Título: O habitar atópico

Fonte: DI FELICE, Massimo. Paisagens Pós-urbanas. O fim da experiência urbana e as formas comunicativas do habitar. São Paulo: Annablume. 2009 (Coleção ATOPOS)

Notas técnicas – p. 221-244 1/4

Maria Célia Furtado Rocha

O habitar atópico

Com a reprodução tecnológica da paisagem surge, ao lado do território tradicional, um

território midiático que causará a perda da aura do lugar e o fim de seu significado único. A

tendência à hibridação entre espaço, corpo e informação é resultado das recentes inovações

tecnológicas que determinaram a passagem para as formas digitais de interação entre

sistemas, máquinas e pessoas.

Para M. Castells o conceito de sociedade de informação se destaca enquanto paradigma de

análise da sociedade contemporânea, capaz de identificar a tecnologia e a informação como

agentes constituintes tanto do processo de produção quanto das relações sociais. Assim, a

sociedade informacional seria uma forma específica de organização social em que a geração, o

processamento e a transformação das informações tornam-se fonte fundamental da

sociabilidade (p. 225). A tecnologia midiática deixa de ser “extensão dos sentidos” para se

tornar propiciadora de sociabilidade e da forma de habitar.

Além da arquitetura e da geografia, o habitar atópico não é mais ligado às coordenadas

topográficas, mas a fluxos informativos e a uma espacialidade mutante, que por meio da

tecnologia wireless e da computação móvel faz do corpo o suporte da informação.

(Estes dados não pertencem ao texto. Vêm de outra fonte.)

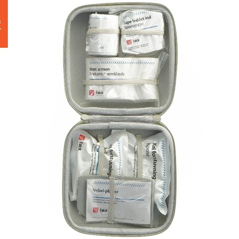 Falck mobil nødhjælpskuffert førstehjælpskasse i orange plast. Kufferten har bærehåndtag og indvendig inddeling med rum og gennemsigtig plastklap til organisering af førstehjælpsudstyr. Indeholder forskellige typer forbindinger, kompresser, plastre og øvrigt basis førstehjælpsmateriale, egnet til brug i fx bil, arbejdsplads eller hjem, hvor der er behov for en transportabel førstehjælpsløsning.
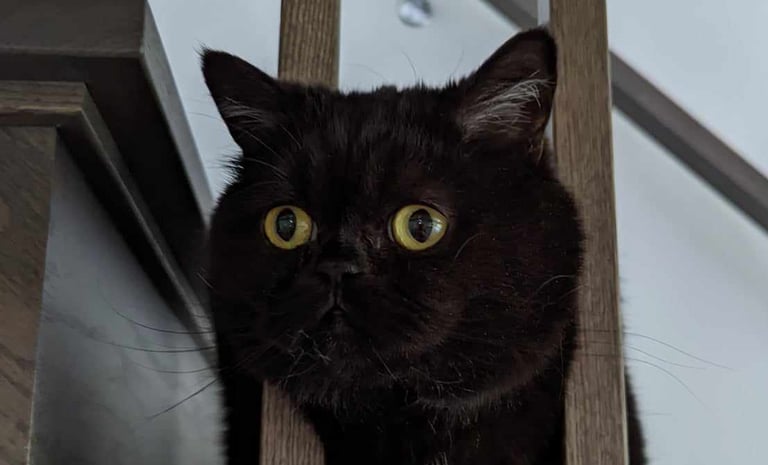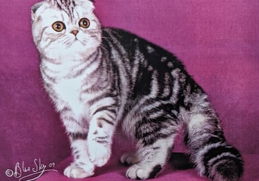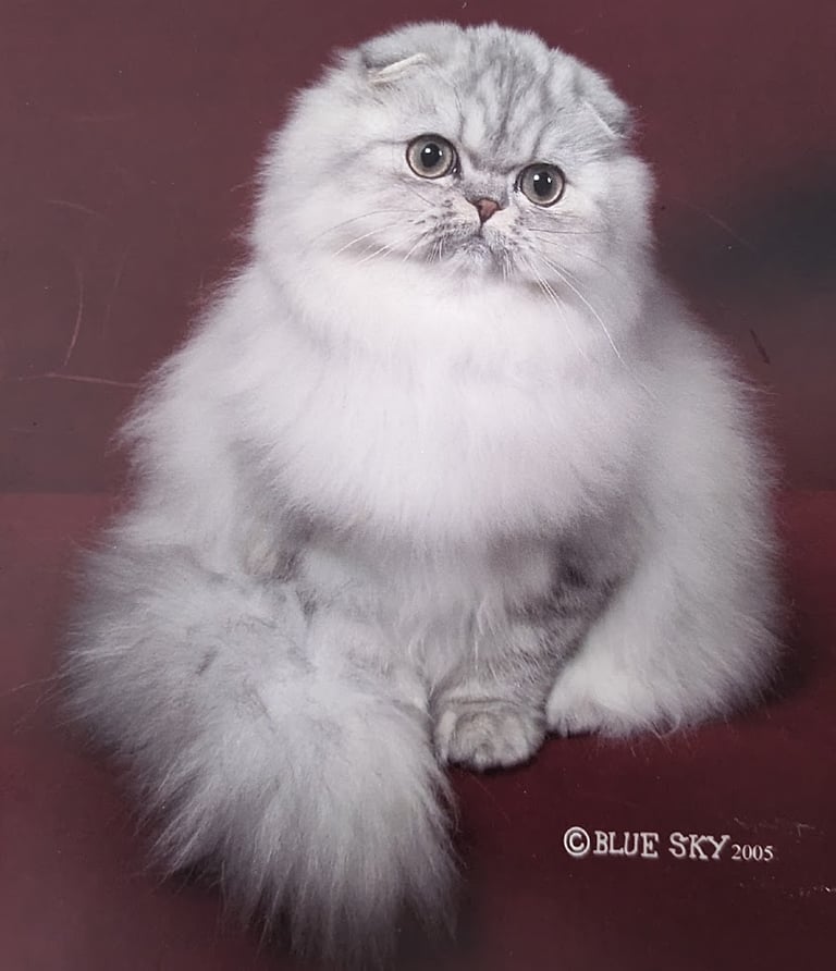 Oreillees pliées, fourrure courte très dense avec sous-poil du Persan, mais sans la longueur, donc, plus simple à entretenir.
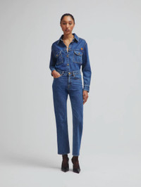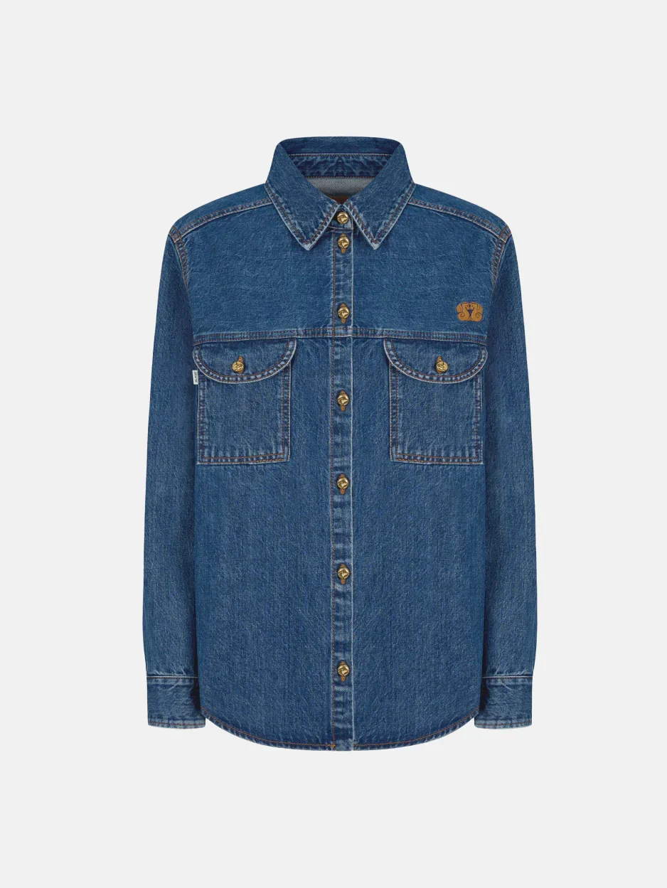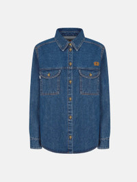 Women’s blue denim shirt A washed-effect denim shirt-jacket with appliqued Smiley pockets on the front. Gilded loden-effect buttons and contrasting rust-colored stitching. - Mini loden-inspired metal buttons - Straight-point collar - Smiley chest pockets 100% Cotton Made in Italy

As pós-geografias e as redes digitais não são espacialidades na nossa frente, mas experiências

imersivas que nos convidam a ir além da nossa vista. A paisagem pós-urbana, portanto, não é

mais visual. Se a cidade e a metrópole podem ser escritas, fotografadas e filmadas, prestando-

se a distintas formas de experiência do narrador, embora fragmentariamente, a experiência

atópica do habitar, por sua vez, resulta em algo irrepresentável e indizível (atópico) para a

narração do sujeito (p. 226).

As redes comunicativas wireless emanciparam-se quase completamente dos suportes físicos e

ultrapassam agora nossas peles. Surge então um habitar no qual não há território para

atravessar, tampouco geografias para residir.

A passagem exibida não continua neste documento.